Earlier in the evening, the government moved to save the company by sacking its directors and announcing it will appoint 10 new directors within seven days to run the firm.

The 54-year-old Raju went to the office of the Andhra Pradesh Director General of Police S.S.P. Yadav late Friday to give himself up after staying away from public and media since Wednesday when he confessed to the fraud and resiged as chairman of the company he started in 1987 with 20 employees.

Earlier in the day, the crime branch of the Andhra police filed a criminal case against Raju for the fraud.

In New Delhi, Company Affairs Minister Prem Chandra Gupta announced that the Satyam board members have been restrained from continuing and Saturday’s meeting of the board stands cancelled.

The board has shrunk from nine to three after four independent members quit in the wake of Raju’s aborted bid on Dec 16 to buy two cash-strapped firms, Maytas Properties and Maytas Infra, promoted by his two sons.

‘The government wants to protect the interests of the employees (53,000) and other stakeholders in the company,’ Gupta told reporters in New Delhi.

He said the Company Law Board has agreed to government’s proposal ‘to restrain Satyam board members to continue as members and appoint 10 new members.’

The government move was cheered by the Satyam employees whose job was at stake as the company had funds to pay only December 2008 and January 2009 salaries which, according to the firm, work out to Rs.5 billion (Rs.500 crore) a month.

Gupta’s announcement came within hours of market regulator Securities and Exchange Board of India summoning Raju to appear before it Saturday to depose on the massive fraud.

The announcement coincided with the crime branch of the Andhra Pradesh police beginning its own probe into the affair.

Gupta said in New Delhi that ‘the Company Law Board has already issued an order to the existing directors of the board restraining them from exercising their functions and the order becomes effective immediately.’

‘The SEBI office at Hyderabad has already taken action which includes seizure of documents of the company and the ministry of corporate affairs has sent a team of officers who are now inspecting Satyam’s eight group companies,’ he said.

On issues of gross violation of corporate governance norms by the company, Gupta said: ‘The Satyam case in an aberration, the government is determined to take all possible actions under the law to bring to book all those persons who are responsible for betraying the faith of lakhs of shareholders, employees and customers within and outside the country.’

As the enormity of the scandal broke out, role of auditors of the company, PricewaterhouseCoopers (PwC) came under the scanner. ‘Action has already been initiated by the Institute of Charted Accountants of India (ICAI) against the auditors of the company,’ added Gupta.

The Satyam board had nine members - Raju, his brother B. Rama Raju, wholetime member Ram Mynampati and six independent directors.
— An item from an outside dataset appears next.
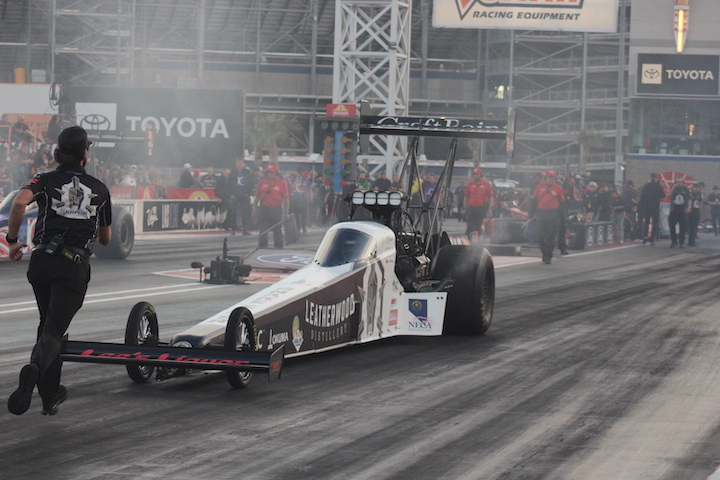 CONCORD, NC – With Leatherwood Distillery and Waltrip Brewing Company co-branding on his JCM Racing dragster, eight-time NHRA

Four of the independent directors quit the board in the wake of aborted bid by Raju Dec 16 to make Satyam buy two firms, Maytas Properties and Maytas Infra, run by Raju’s two sons.

With the resignation of Mangalam Srinivasan, Krishna Palepu, Vinod Dham (all three based in the US) and M. Rammohan Rao, the board was left with Mynampati, T.R. Prasad, former cabinet secretary to the Indian government, and V.S. Raju.

There was an unconfirmed report that Satyam’s chief financial officer Srinivas Vadlamani had attempted suicide, but the company denied it. Vadlamani’s name did not figure among the people Raju mentioned in his resignation letter absolving them of any wrongdoing.

Vadlamani Thursday sent his resignation to the interim chief executive Mynampati, who said the resignation has not been accepted.

There were also reports circulating that the interim team has also sent a mail to the employees saying they would not be paid salary for two months. Mynampati told a press conference Thursday that the December salary is being paid and the company has funds to meet salary commitments for January.

Mynampati said the interim management was scouting for a strategic investor as the company was facing severe funds crunch. He said the option of outright sale of the company was not ruled out.

He also said about 100 clients who contribute 80 percent of the $2 billion revenue had assured they would stay with the company.

The Satyam scrip was further mauled in Friday’s trading. At one point it was quoted at around Rs.6.

While the New York Stock Exchange had stopped trading in the scrip Wednesday, the day Raju stunned everyone with his admission of the massive fraud, the Bombay Stock Exchange (BSE) had taken it out of its key 30-scrip index, the Sensex.